На выходе из кают-компании Руднев подошел к Балку и вполголоса произнес:
– Спасибо за помощь, Василий. Классно про хорунжего придумал. Но ты уж предупреждай в следующий раз. Как про Чечню начал, меня чуть Кондратий не хватил!
– Насчет помощи – всегда пожалуйста, одно дело делаем. Я России присягал в свое время и буду этой присяге верен по-настоящему и здесь. Родина – она всегда одна. А то, что время и начальство другие… Это все архитектура, сути не меняет. А вот про выдумал… Не такая у меня хорошая фантазия, Всеволод Федорович. Замени хорунжего на сержанта, лошадей на БТРы, девятнадцатый век на двадцатый, и все тебе будет ясно… Да, и еще, извини за мой вчерашний тон. Сам не мог понять, что на меня нашло – как дешевый гопник выпендривался. А потом допетрил – тестостерон в голову ударил! Помолодеть на тридцать лет, это еще тот опыт…
– Да ладно, проехали, но вы что, правда в Чечне картечью духов валили?
– Картечь или АГС
[54] с пулеметами в упор, какая разница? Главное, что идею принесения необходимой жертвы для общего дела твои офицеры поняли. А то, что мне генерала пришлось час на мушке держать, чтобы этот пузан приказ полку на выдвижение дал и не отменил его раньше времени, да еще дверь в спальне забаррикадировать, чтоб его холуи не вмешивались – это твоим офицерам знать не надо. Не поймут, не то время…
– А потом что было?
– Потом, потом… Суп с котом.

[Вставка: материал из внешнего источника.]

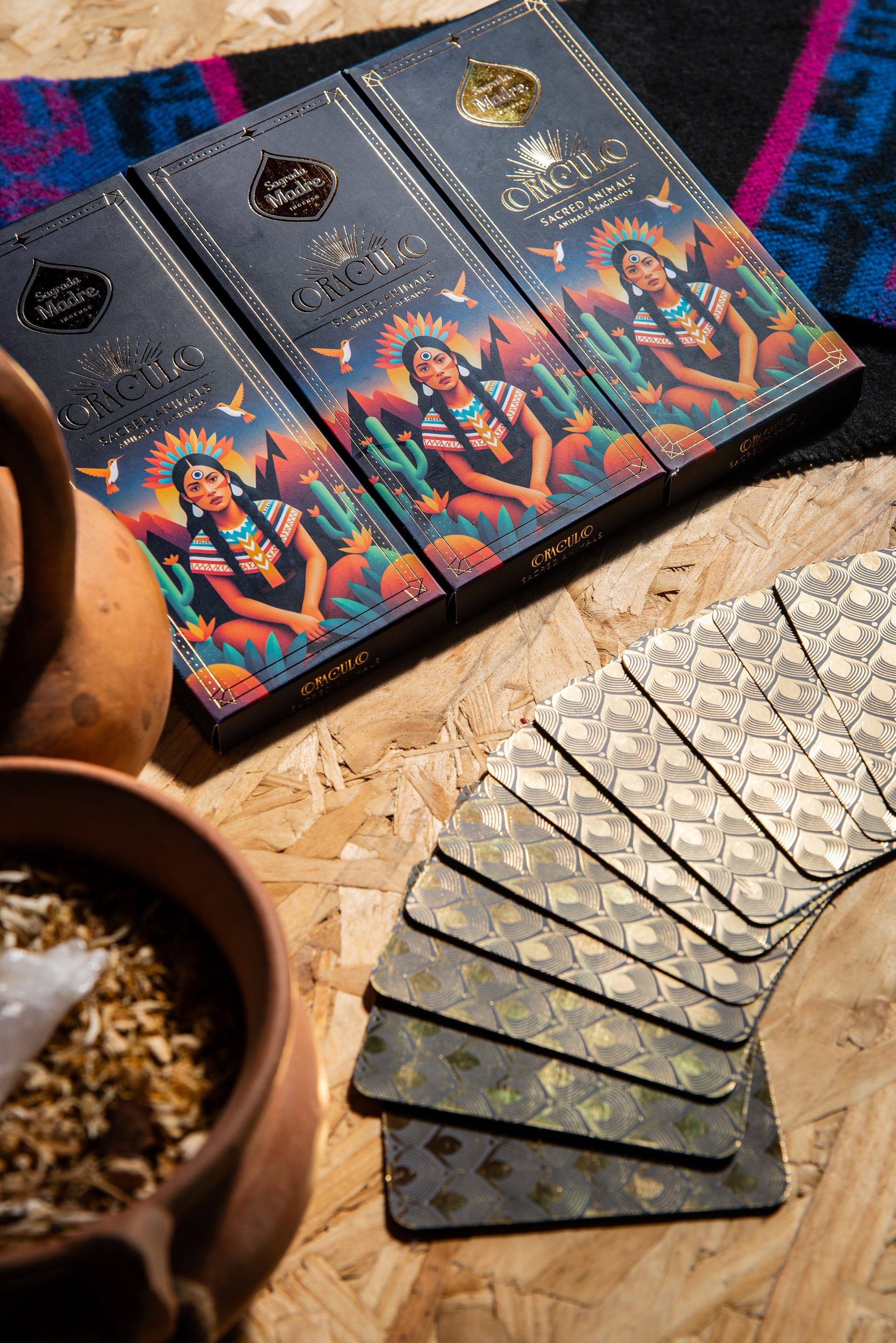 Un oráculo sensorial que conecta con la sabiduría ancestral de la naturaleza. Cada caja incluye 8 varillas aromáticas y 1 carta oráculo sorpresa (de una colección de 12), con mensajes y enseñanzas que llegan en el momento justo para acompañar tu camino espiritual.

Ему Героя России, а меня турнули со службы за «психическую неуравновешенность»… Так мой приказ на «подпола» до Пашиной
[55] закорючки и не дошел. Ничего интересного, короче.
– Извини, Василий Александрович… Да, это по-нашему. По-бразильски!

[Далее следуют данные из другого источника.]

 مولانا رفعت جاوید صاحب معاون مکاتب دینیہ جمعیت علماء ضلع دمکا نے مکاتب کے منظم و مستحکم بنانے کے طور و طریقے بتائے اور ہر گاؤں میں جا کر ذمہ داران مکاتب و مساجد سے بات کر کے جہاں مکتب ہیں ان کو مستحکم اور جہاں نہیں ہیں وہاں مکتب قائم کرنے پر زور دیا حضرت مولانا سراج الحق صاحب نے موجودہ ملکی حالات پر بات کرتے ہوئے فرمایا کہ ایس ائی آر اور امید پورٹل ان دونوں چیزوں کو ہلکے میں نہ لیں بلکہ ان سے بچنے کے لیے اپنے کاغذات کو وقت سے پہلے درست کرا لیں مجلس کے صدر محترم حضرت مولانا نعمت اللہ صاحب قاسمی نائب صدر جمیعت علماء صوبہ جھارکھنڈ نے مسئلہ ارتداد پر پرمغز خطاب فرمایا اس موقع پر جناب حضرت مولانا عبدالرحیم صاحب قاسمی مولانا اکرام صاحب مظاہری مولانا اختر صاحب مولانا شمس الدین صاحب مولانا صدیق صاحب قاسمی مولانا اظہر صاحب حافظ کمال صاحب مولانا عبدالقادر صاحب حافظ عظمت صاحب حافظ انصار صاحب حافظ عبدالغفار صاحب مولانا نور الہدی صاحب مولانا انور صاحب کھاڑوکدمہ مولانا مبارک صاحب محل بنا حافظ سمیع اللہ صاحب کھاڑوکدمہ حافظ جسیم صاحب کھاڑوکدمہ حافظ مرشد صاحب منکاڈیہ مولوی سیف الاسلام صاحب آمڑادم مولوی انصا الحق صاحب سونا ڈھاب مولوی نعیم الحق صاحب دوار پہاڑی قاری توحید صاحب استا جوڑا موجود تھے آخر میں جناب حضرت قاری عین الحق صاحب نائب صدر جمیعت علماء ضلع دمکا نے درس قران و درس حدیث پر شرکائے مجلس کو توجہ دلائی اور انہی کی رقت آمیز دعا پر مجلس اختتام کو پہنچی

Тем временем «Варяг», оставляя за кормой редкие дождевые облака, ползшие с юга, продолжал свой неспешный бег в сторону Шанхая. Еще через час младший из докторов был отправлен своим старшим коллегой спать, причем под угрозой жалобы командиру. Младший лекарь Банщиков по-человечески не спал уже двое суток, так, пару часов урывками. И его более мудрый коллега решил, что состояние доктора начинает представлять опасность для пациентов. Поэтому, невзирая на возражения, вроде: «А как насчет вас самого неспавши», отослал того отдохнуть, пообещав, правда, разбудить его через четыре часа и залечь самому.